(Excerpts from a dataset)
○ ○ ○ ○

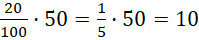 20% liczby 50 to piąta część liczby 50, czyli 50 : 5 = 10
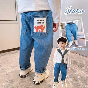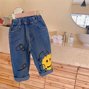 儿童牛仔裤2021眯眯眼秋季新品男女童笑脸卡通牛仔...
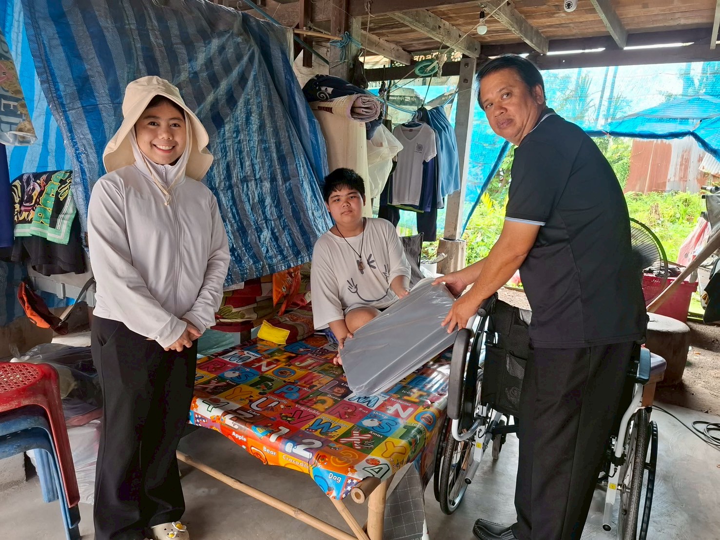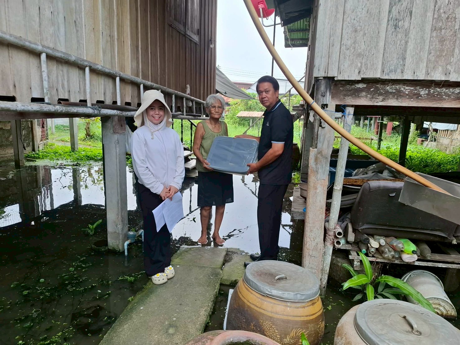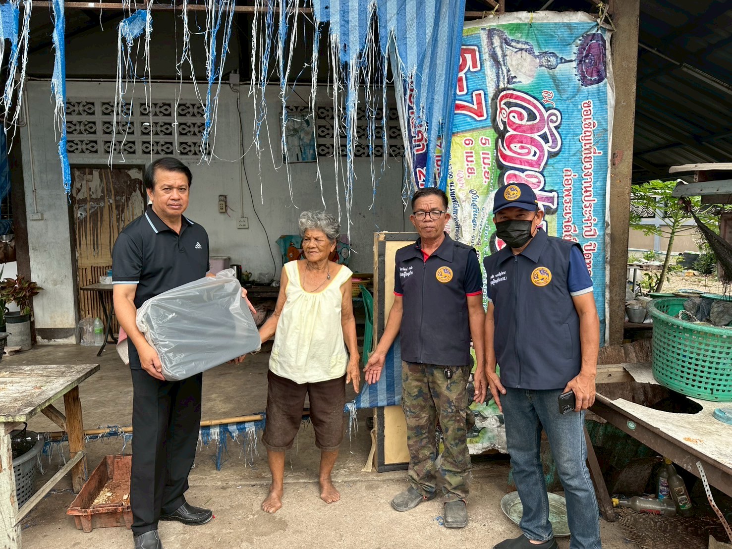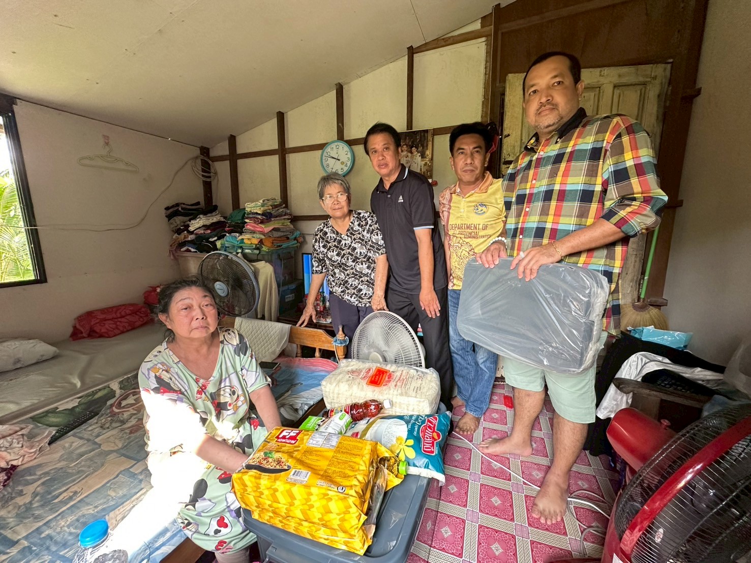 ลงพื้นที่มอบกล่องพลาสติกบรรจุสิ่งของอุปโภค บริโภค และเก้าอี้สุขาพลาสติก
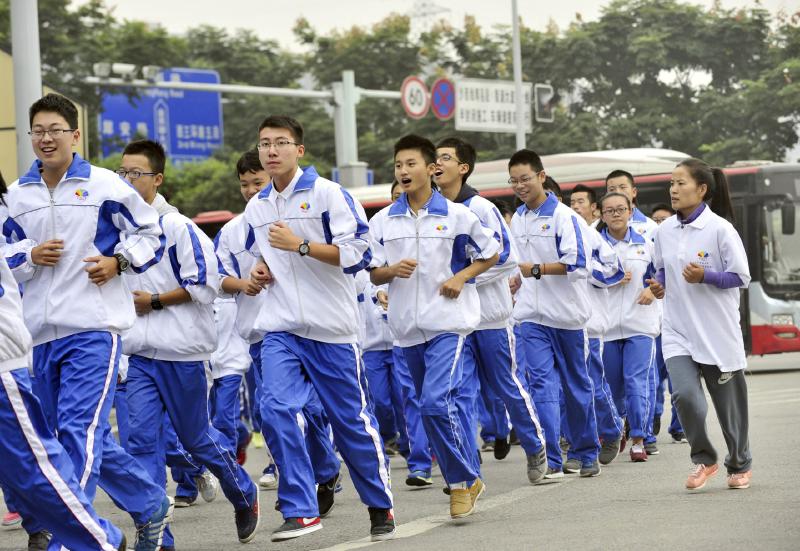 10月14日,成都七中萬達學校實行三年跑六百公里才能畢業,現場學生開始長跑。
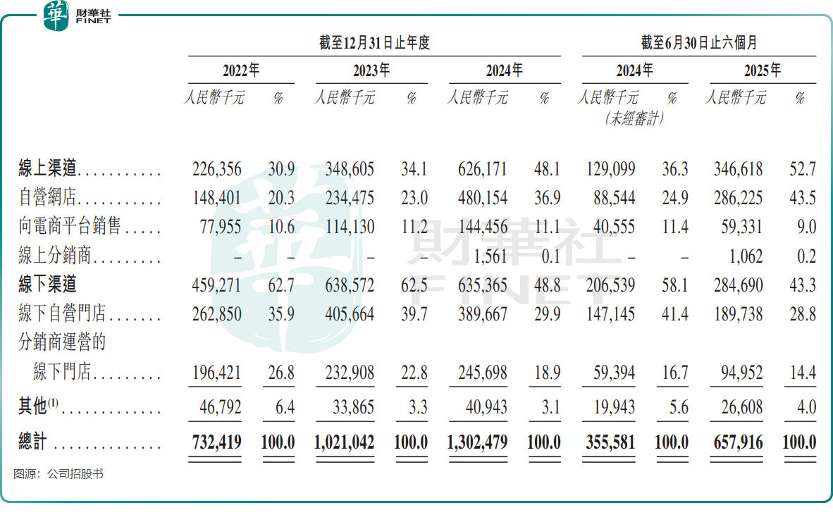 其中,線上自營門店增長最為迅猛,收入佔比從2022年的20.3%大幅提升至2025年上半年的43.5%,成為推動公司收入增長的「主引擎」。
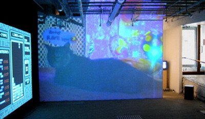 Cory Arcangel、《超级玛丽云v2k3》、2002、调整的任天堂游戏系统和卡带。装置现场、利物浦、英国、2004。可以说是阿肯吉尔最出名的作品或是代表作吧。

○ ○ ○ ○

WORK REQUIRED -> Omit the pictures, then extract verbatim only those lines that fall between the line containing "其中,線上自營門店增長最為迅" and the final line of the records above, both included.

RESULT OF THE EXERCISE ->
 其中,線上自營門店增長最為迅猛,收入佔比從2022年的20.3%大幅提升至2025年上半年的43.5%,成為推動公司收入增長的「主引擎」。
 Cory Arcangel、《超级玛丽云v2k3》、2002、调整的任天堂游戏系统和卡带。装置现场、利物浦、英国、2004。可以说是阿肯吉尔最出名的作品或是代表作吧。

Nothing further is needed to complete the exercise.